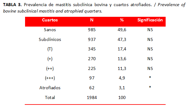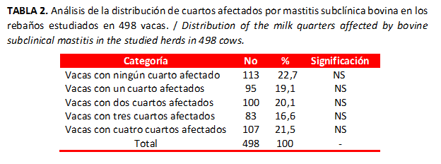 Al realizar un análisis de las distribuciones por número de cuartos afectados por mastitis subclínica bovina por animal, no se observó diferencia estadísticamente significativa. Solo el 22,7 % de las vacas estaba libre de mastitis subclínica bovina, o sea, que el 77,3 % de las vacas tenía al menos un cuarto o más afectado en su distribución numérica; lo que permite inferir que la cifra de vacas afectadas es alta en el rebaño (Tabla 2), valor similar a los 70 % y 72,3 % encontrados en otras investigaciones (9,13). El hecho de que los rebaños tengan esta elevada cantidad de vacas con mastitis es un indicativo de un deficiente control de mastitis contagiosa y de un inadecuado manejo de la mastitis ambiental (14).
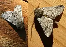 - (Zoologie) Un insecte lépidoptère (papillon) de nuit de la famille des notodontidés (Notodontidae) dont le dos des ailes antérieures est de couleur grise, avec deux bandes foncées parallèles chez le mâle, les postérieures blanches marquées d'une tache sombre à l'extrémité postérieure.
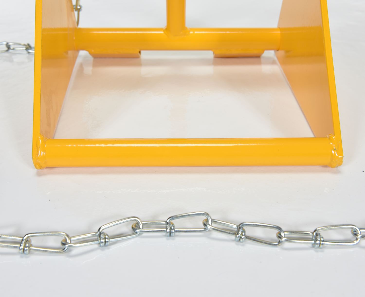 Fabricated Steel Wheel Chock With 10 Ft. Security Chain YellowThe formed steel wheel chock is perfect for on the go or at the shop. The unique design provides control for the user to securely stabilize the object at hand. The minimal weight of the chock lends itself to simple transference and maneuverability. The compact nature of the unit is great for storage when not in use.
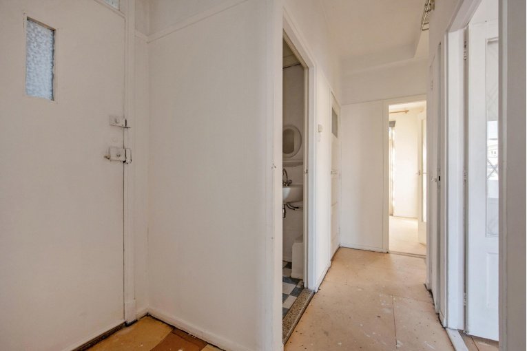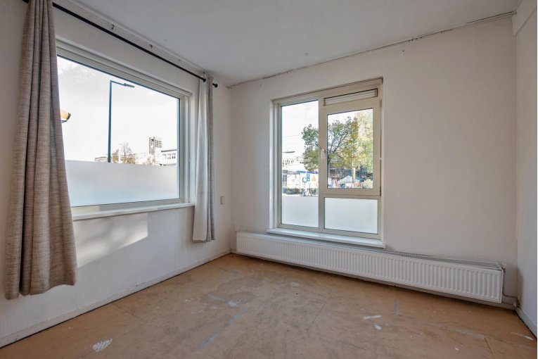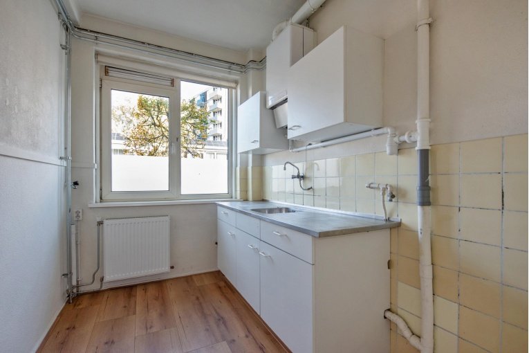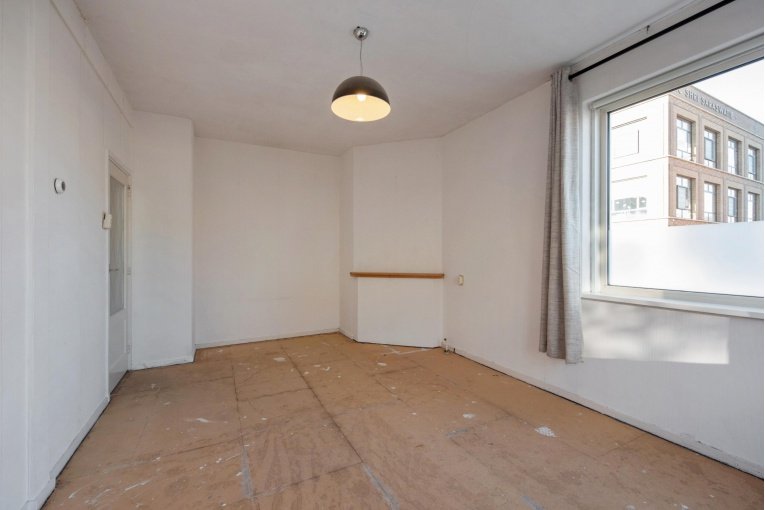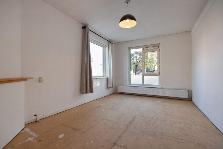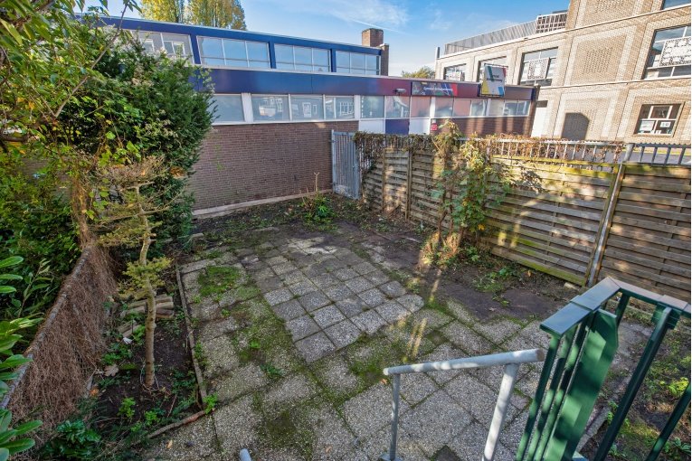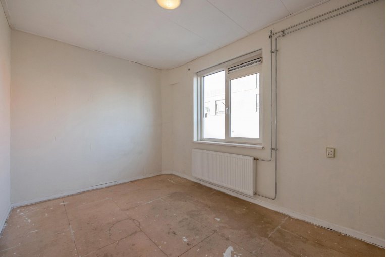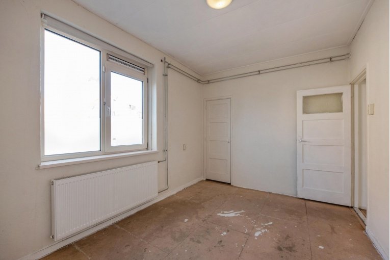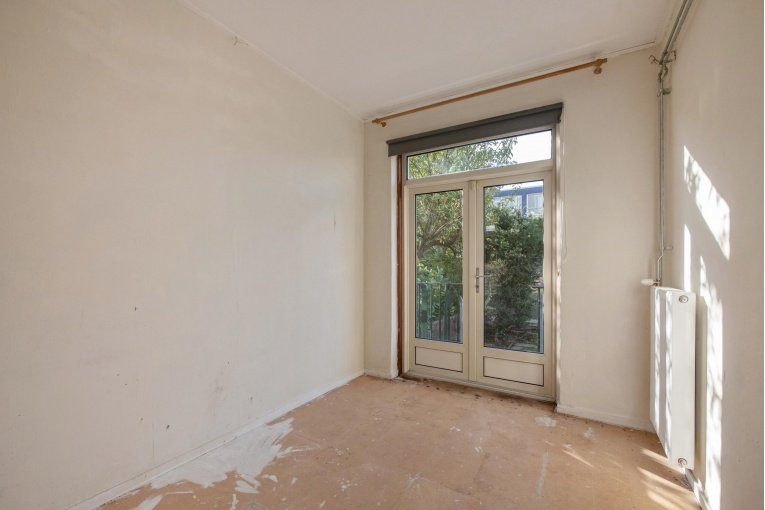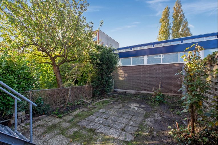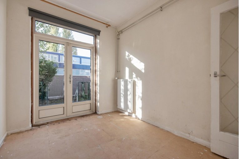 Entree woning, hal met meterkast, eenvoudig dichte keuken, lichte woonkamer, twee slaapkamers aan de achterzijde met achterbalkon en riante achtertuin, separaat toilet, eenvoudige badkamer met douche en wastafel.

GOAL OF THE EXERCISE
Transcribe exactly, with no pictures, the lines running from the first line of the material through the line holding "- (Zoologie) Un".

REPLY TO THE EXERCISE
 Al realizar un análisis de las distribuciones por número de cuartos afectados por mastitis subclínica bovina por animal, no se observó diferencia estadísticamente significativa. Solo el 22,7 % de las vacas estaba libre de mastitis subclínica bovina, o sea, que el 77,3 % de las vacas tenía al menos un cuarto o más afectado en su distribución numérica; lo que permite inferir que la cifra de vacas afectadas es alta en el rebaño (Tabla 2), valor similar a los 70 % y 72,3 % encontrados en otras investigaciones (9,13). El hecho de que los rebaños tengan esta elevada cantidad de vacas con mastitis es un indicativo de un deficiente control de mastitis contagiosa y de un inadecuado manejo de la mastitis ambiental (14).
 - (Zoologie) Un insecte lépidoptère (papillon) de nuit de la famille des notodontidés (Notodontidae) dont le dos des ailes antérieures est de couleur grise, avec deux bandes foncées parallèles chez le mâle, les postérieures blanches marquées d'une tache sombre à l'extrémité postérieure.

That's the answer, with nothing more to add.